Impact on Businesses, Women, and Youth
Reducing the lending process from 7 months to 7 days is more than an impressive outcome; it’s a lifeline for Ghana’s rural businesses and farmers. In just the first four months of implementation, the seven banks achieved an average turnaround time of 6.8 days from application to disbursement and disbursed GHS 8.98 million to 438 farmers and businesses. Women and youth especially benefit since they tend to have less collateral and savings: women received 74% of the loans and 66% of the total loan value, and youth received 33% of the loans and 23% of the total loan value. By reducing the waiting period, banks have also seen a surge in first-time borrowers, especially people younger than 36 years.
When loan disbursements align with the agricultural seasons or market cycles, default risk drops significantly as the money is put to work exactly when it is needed. Over the next 9 months, FIRST+II aims to disburse GHS 120 million through the seven banks and further reduce turnaround time to an average of 5 days for new borrowers and 3 days for repeat borrowers.
A Model for the Future and the Continent
This preliminary FIRST+II success suggests that the financing gap in Ghana and Africa isn't caused by a lack of capital. These pilots indicate that insufficient technical capacity within financial institutions is creating at least a portion of the financing gap. The FIRST+II rural bank partners are demonstrating that building their skills in product design and credit appraisals and using appropriate digital tools may enable them to compete with urban commercial banks while staying true to their rural development mission.
Shortening the loan process from 7 months to 7 days and subsequently attracting many new borrowers – especially women and youth – is a testament to the power of combining technical expertise with local financial institutions’ resolve and commitment.

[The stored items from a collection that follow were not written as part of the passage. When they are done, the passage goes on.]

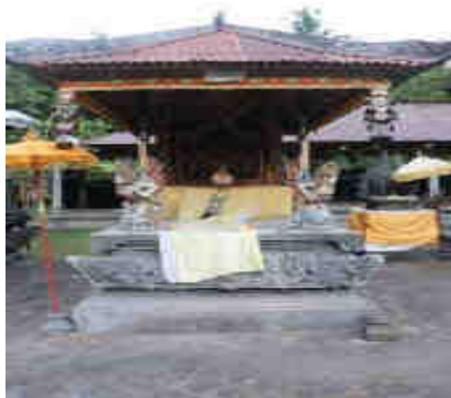
Manjangan Saluang Palinggih Ida Bhatara Mpu Kuturan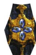
schakel 4 saffieren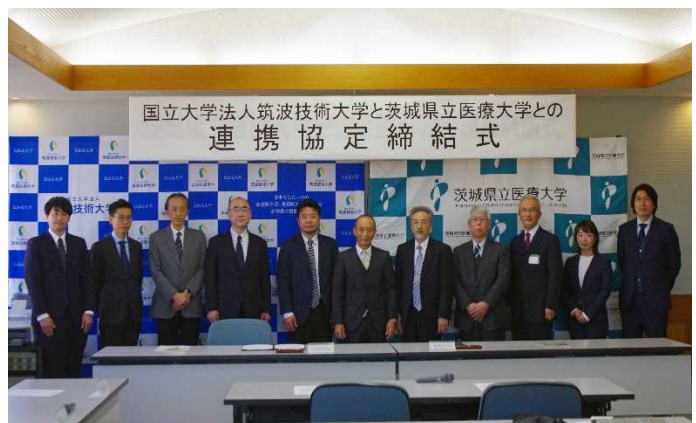
写真4 関係者による協定締結の記念写真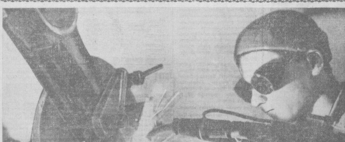
«ТОШКЕНТ ҲАҚИҚАТИ» 2-БЕТ, 16 ОКТАБРЪ, 1963 ЙИЛ.

«Шахса сизнинг қоралимаганида, унинг зарарли оқибатлари йўқотилмаганида... партия ва мамлакат қандай аҳволда қолар эди. Бундан бўлганда, партиянинг оммадан, халқдан ажралиб қолиши, совет демократияси ва революцион қонунилик жиҳиди суръатда бузилиши, мамлакат иқтисодий тараққиётининг сустлашиши, коммунистик қурилиш суръатларининг пасайиши, бинобарин, меҳнатчилар фаровонлигининг ёмонлашиши ҳаффи ҳам туғилар эди. Бу ҳол халқро муносабатлар соҳасида Совет Иттифоқининг жаҳон майдонидаги позицияларининг заифлашувига бошқа мамлакатлар билан муносабатларининг ёмонлашувига олиб келар эди, бунинг оқибаatlари жаҳон аҳоли бўлар эди».

So far, this model appears to be worth repeating and deepening across the country, and ultimately across the continent.
Thank you to our 7 partner rural banks that are demonstrating their unending commitment to serving clients typically excluded from the financial system. Their openness to change is beyond commendation, and their impact upon the women, youth, farmers, and entrepreneurs who have benefited from their boldness will extend far beyond these individuals into their communities.